Some thoughts about Cruise





Cruise as in looking for sex.


Cruise as in rising ’80s star Tom Cruise, he of the aviator shades and winning grin in hot new Hollywood blockbuster Top Gun.


Cruise as in taking a journey, a passage through life – and death.


Jack Holden’s astonishing one man play packs a lot into an hour and forty minutes. It’s one gay man reaching across time to another, one generation connecting with another. It’s a portrait of gay London in the ’80s – the hedonism, the homophobia, the secret lives and safe havens with blacked out windows, the visits to Heaven and the arrival of HIV and house music.

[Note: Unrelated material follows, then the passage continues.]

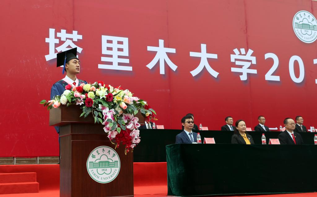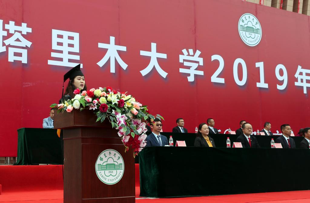 “幾年前的金秋,你們懷揣著父母的期望和企盼,充滿著興奮、未知與期待,來到塔里木大學這座‘沙漠明珠’學府,在‘自強不息,求真務實’校訓的指引下,在教師們‘嚴謹治學、精心育人’治學作風的悉心培養下,收獲了學識,歷練了品行,成熟了心智,開拓了視野,今天你們將帶著母校的傳承和情懷,開始新的征程。”教師代表植物科學學院吳翠云教授發言,告誡全體畢業生,要做一個快樂的充滿正能量的人;要規劃好自己的人生,不斷地學習和奮進;要誠實守信,有良知;要學會感恩,勿忘母校。希望同學們擁有一個樂觀的心態、健康的體魄、滿意的工作、幸福的家庭。

Holden plays a wide variety of characters – a young gay switchboard volunteer, an ’80s survivor and his once hunky boyfriend, a barmaid, a couple of twinks, a drag queen with a bleak sense of humour, a camp, kindly doorman at the Colony Rooms who enjoys a spot of cottaging.

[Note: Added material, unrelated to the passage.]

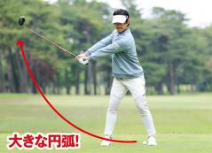 バックスイングの円弧を大きくすれば、左右対称形としてフォロースルーの円弧も自然に大きくなり、ヘッドスピードがアップします。クラブを自分で速く振るということではなく、スイング軌道が大きくなればクラブヘッドが加速してくれるのです。

It’s a powerful performance and a physically demanding one. Holden talks, sings and dances, never pausing for more than a few seconds, making full use of the simple, versatile set with its neon lights and ladders. I kept thinking of Snakes and Ladders – a game in which you can climb all the way to the top and come crashing down with one unlucky move.


The musical score by John Patrick Elliott is superb – evocative without being intrusive, strongly suggestive of the times and feelings portrayed on stage. The dance numbers in particular have an energy that feels equal parts euphoric and elegiac. Which is exactly how it felt to me at the time – the agony and the Ecstasy, broken hearts and happy pills, songs about survival. “First I was afraid, I was petrified”, “there but for the grace of god”, “self preservation is what’s really going on today.”


But this is Holden’s show and he receives a well deserved standing ovation. I laughed, cried and left the theatre barely able to speak. On the way out, I bumped into Neil Bartlett, no stranger to groundbreaking queer performance, and fell weeping into his arms.


“It brought it all back, didn’t it?” he said.

It did – and how. I felt seen. And I doubt I’ll see a more powerful performance this year.